Chemical shift assignment module

The chemical shift assignment module consists of two packages for assigning backbone and side chain atoms. Figure 4 illustrates these packages and their validation tools. When the user selects ADAPT-NMR, assignments are generated automatically during the Bayesian NUS data acquisition.
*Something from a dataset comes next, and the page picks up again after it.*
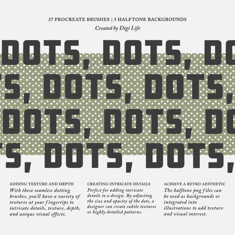The Dots, Dots, Dots Procreate Brushes package includes 27 Procreate brushes and 5 halftone paper textures, designed for creating intricate dot patterns and retro-inspired textures. Compatible with the Procreate app on iPad, these brushes are ideal for artists of all skill levels and come with 24/7 free support.
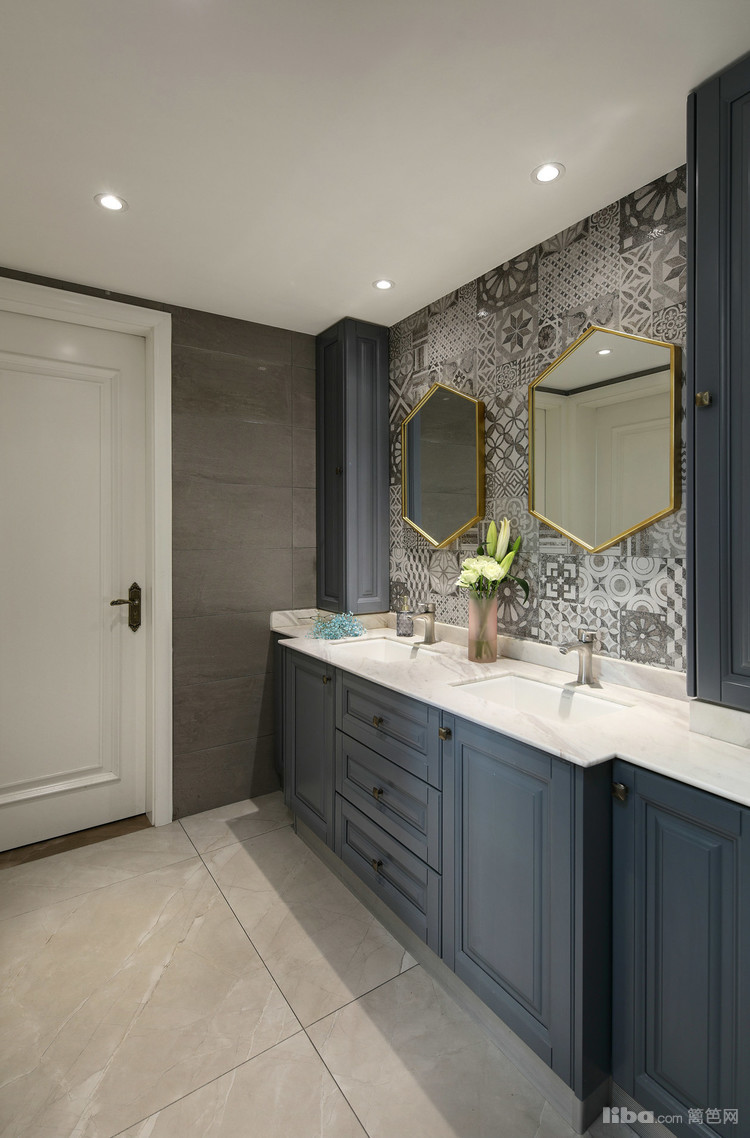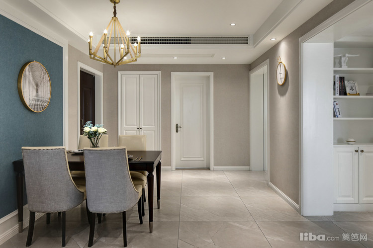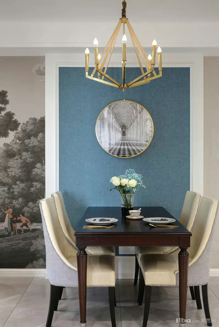 餐厅设计了立体感的设计造型,蓝色背景女主人很喜欢。每周买一次鲜花放置在餐桌上,尤爱百合,因为它不仅美,香,还不娇气。喜悦,源于对生活细微处的每一刻享受。

The PINE package facilitates chemical shift assignments from the alternative approaches that generate peak lists associated with particular NMR experiments.

Fig. 4
figure 4

Different computational options in the chemical shift assignment module

ADAPT-NMR Enhancer and ARECA can be used to validate the chemical shift assignments generated by ADAPT-NMR. Validation of PINE’s output can be performed by PINE-SPARKY (Lee et al. 2009) (incorporated into NMRFAM-SPARKY), or the ARECA package.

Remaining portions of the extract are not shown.